# Dead 4 month old lamb?



## adnilee (Feb 1, 2004)

We have lost 2 of our spring lambs now and don't know what is killing them.
The first we found dying (very weak and just laying breathing slowly).
The second was found dead after being perfectly healthy earlier in the day.
The flock appears very healthy, well fed and besides being hot, seem fine.
I did inspect her stomach before I burried her and couldn't see worms or anything, just a lot of grass!
If they had worms, would I see them in the stomach contents?
Any Ideas as to what could cause sudden death?
I am going to look for toxic plants this weekend. could these cause sudden death, or would we see a warning first?
Thanks,
Adrian


----------



## Ross (May 9, 2002)

Are they vaccinatied? Prosperous lambs will drop like flies from pulpy kidney. If they aren't get the rest done now! You may have gotten as bad batch of vacine if they are vaccinated you'd really need a Post Mortem done ASAP (within a couple of hours of death) to be sure.


----------



## Patty0315 (Feb 1, 2004)

Is this in the CDT shot ? I also lost 2 lambs in a week. I did revaccinate and move them {the rest of the lambs} out of the main herd. I also put them back on medicated feed and rewormed. I think mine was mostly due to the heat.

Patty


----------



## livestockmom (Apr 2, 2005)

It does sound very much like Pulpy Kidney ( Enterotoxemia, Over Eating Disease) and right at the age this would most likely occurs. The best fed and most thrifty of the lambs sucumb most often. We vaccinate with Covexin 8 at 6 weeks ( feed creep feed and they can overeat.) The usual symptoms is a dead lamb, nothing else. If you were out in the pasture at the time you would see them stagger, fall down, draw their legs in and kicking at their sides, coma soon follows and quick death. 

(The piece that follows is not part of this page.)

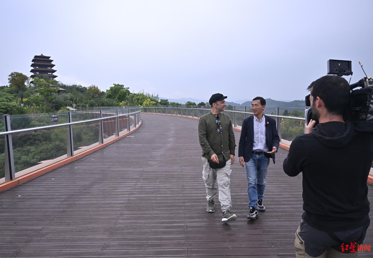 外景主持人Marius Damian在拍摄间隙接受采访时表示,这是他首次来到成都。此前对这座城市的认知主要停留在“熊猫之都”,但实地体验后,令他印象更深的,是城市现代建筑与自然环境之间的融合。“这里的建筑与自然结合得很好,人们非常重视让自然留在身边,这一点让我印象深刻。”他说。

We keep CD Antitoxin ( hard to find ) in the barn fridge for an emergency.
I give Oral and Sub Q together, It can be given if you get to them fast enough but death is usaully swift. We feed our show lambs pretty heavy so we are always on the lookout for it. The best prevention is to feed regular amounts, they cant handle surges of food at at once, and to feed a bulky fibrous diet, a larger amount than normal of grains is usually the culprit.

Was the covexin 8 or CDT handled properly? I would revaccinate with a new batch and be sure to keep it on a cold pack driving it home from the feed store - 

Im so sorry for your loss... Thoughts of comfort coming your way from California.


----------



## Celtic Herritag (Jul 14, 2005)

Our farm was hit pretty bad by bacterial phnumonia, it seems it's hitting everyone bad here in california, even the wild sheep. Did they have a lot of yellowish snot coming out of their noses? It also might be white muscle disease, do you live in a selenium deficient area. Your local vet would know, don't trust the maps, we were supposedly in an area that wasn't deficinent and got hit with white muscle. When white muscle hits it can be rapid and they often seem fine the in the morning then they'll be barley alive in the afternoon. If your not sure wither they are deficient your vet can do some simple blood work. Most poisonus plants do give off some warning, usually neurological trauma, from the poisoning but it may have been a plant that causes sudden death, like yew.


----------



## adnilee (Feb 1, 2004)

We lost another lamb last night and took it to the vet for a post mort.
He said it was loaded with worm eggs and coccidia. We missed worming before realeasing the ram this spring and I think we are paying for it now. 
I wormed them with Panacur this evening (vet reccommended this for use on preg ewes). 
The vet also sold me a gallon of 'Corid' which can be added to the sheeps water to rid them of coccidia. Has anyone else used this product? What rated did you administer it (or how much per gallon of drinking water?).

Hopefully this will help.

We vaccinated all lambs at 3 days old with CDT, but the vet said we should be vaccinating all sheep every six months? Is this true? The vet also said to worm every 2 months. Is this necessary? Our sheep are on pasture only until winter and look perfectly healthy.

Thanks again,
Adrian


----------



## livestockmom (Apr 2, 2005)

Be careful with the Corid ( Amprollium ) and perhaps get a 2nd opinion before using. Corid can cause Polio as it depletes the body of Thiamine. Be on the watch for "stargazing", one of the 1st symptoms. My 1st choice would be DiMethox 40% or Sulmet for treatment of Cocci, anyone else hear the same thing about Corid? I bet there is info online about it.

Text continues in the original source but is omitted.